Выбрать главу

Наблюдательность — ее отличительная черта. Она пристально вглядывается в каждую деталь блокадного быта, с волнением переживает любой эпизод. Вследствие этого блокадные зарисовки в ее дневнике становятся пластичными, а изображение картин повседневности предельно выпуклым. В бомбоубежище, где иной очевидец замечал лишь перепуганную толпу, она обращает внимание на то, как выглядит сидящий рядом подросток, и подробно пишет о цвете его глаз, о выражении лица, о невинной, извиняющейся, смущенной улыбке… Жесты, слова, ситуации, портреты людей, близких и чужих, — все заносится в дневник с почти педантичной скрупулезностью. О блокадной «елке» рассказывали многие ленинградцы — обычно скороговоркой, отмечая только праздничные подарки. Не так у Лены. Иногда кажется, будто это мы стоим на лестнице, ждем своей очереди, ловим слухи о меню обеда, придирчиво оцениваем содержимое тарелок, украдкой перекладывая «гущу» в стеклянную банку для матери. В рассказе о «елке» нет ни одной фальшивой ноты, нет и намека на театральность поступков, нет пафосных восклицаний.

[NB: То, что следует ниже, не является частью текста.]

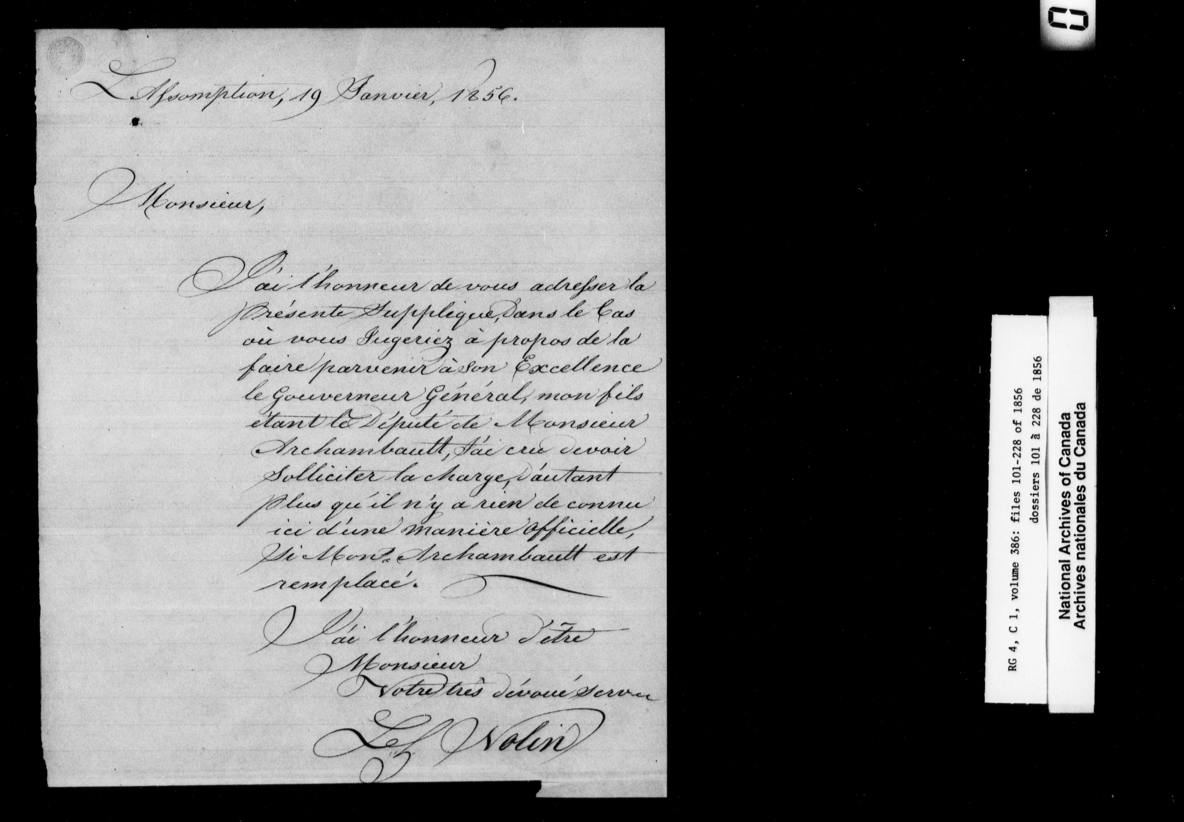 Canada East : Provincial Secretary numbered correspondence files, 1839-1867 - 2689

Какая уж тут патетика: «Воспользовавшись темнотой, вылизала пальцами начисто весь горшок».

Чувственные, многословные, извилистые, картинные описания требовали и нового языка. Не того, каким пишутся школьные сочинения, правильного и простого, а языка сложного, красочного, подчас афористичного. Грамматику и орфографию Лена знала не очень хорошо. Многие слова, особенно непривычные, она явно воспринимала на слух, из радиопередач и житейских разговоров. О «двойке», поставленной преподавателем за сочинение, Мухина сообщает и в дневнике. Ей нравится писать красиво, а как это сделать, готовя письменную работу на тему об угнетении народа при царизме?

Но писать красиво, поэтично, небанально она пытается, и это расширяет ее словарь: нельзя ведь одними и теми же фразами передать оттенки лица, чувств, настроений. «Широкая, спокойная гладь реки серебрилась под спокойным лунным блеском», — пробует она себя в роли литератора, запечатлевая в дневнике эпизоды окопных работ в деревне Тарковичи. Даже по этой краткой записи видно, как трудно ей даются отход от беллетристических трафаретов и попытка обновить свой, пока небогатый лексикон. Заметно, что «литературное» все же чаще рождалось у нее стихийно, под влиянием внезапно нахлынувших чувств, а не в силу обдуманности замысла.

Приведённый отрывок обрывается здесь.